Bonnie: *is in ventilation system*
Nightguard: *quickly outs on Freddy head as Bonnie comes out*
Bonnie: *wave* Hey Freddy!
Nightguard: Oh, h-hey Bonnie!
Bonnie: Have you seen the nightguard? He's not wearing his costume again....
Nightguard: Oh, well you know him!!
Bonnie: Yeah, but we'll find him! It's just...difficult with that spare Freddy head he's been wearing.
Nightguard: well, as you can see, his nowhere around here, so why don't you go look elsewhere?
Foxy: *runs to the back room* NIGHTGUARD!!! I'M GONNA KICK YOUR ASS!!
Nightguard: *pulls back as Foxy attempts to jumpscare* OH GOD!!!

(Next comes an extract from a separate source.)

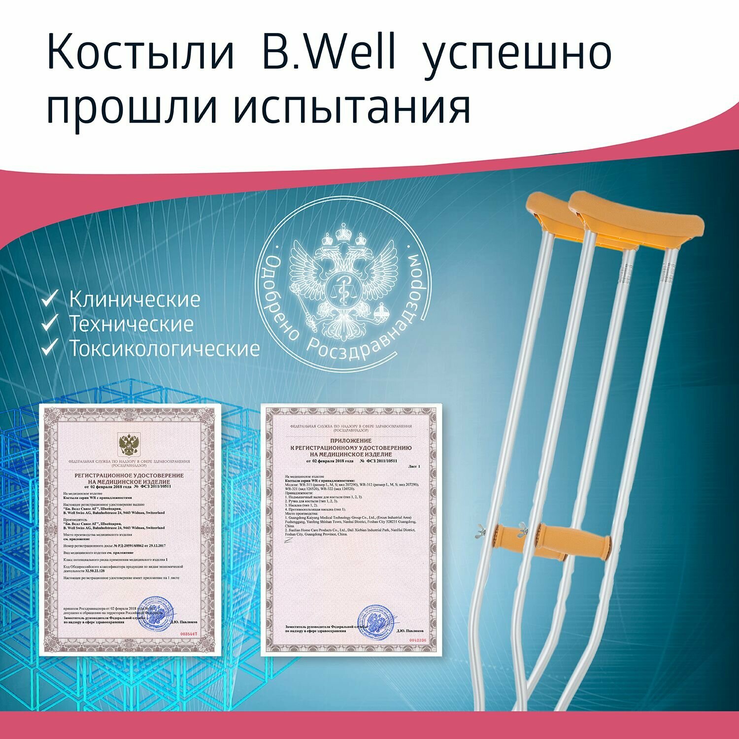 Костыли B.Well rehab WR-311 M, д/роста 155-180 см, алюминиевые, до 110 кг, съемные моющиеся запчасти, 2шт

Foxy: *jumps onto the desk as the nightguard shines the flashlight into his eye* Arrgh, fucking, yarr.
Bonnie: Wait, you saw the nightguard?
Foxy: *points to the nightguard* That's the nightguard right there!!
Nightguard: *waves still in Freddy head*
Bonnie: No, that's just Freddy.
Foxy: No, he's just doing that thing with the spare Freddy head again, messing with your facial scanners.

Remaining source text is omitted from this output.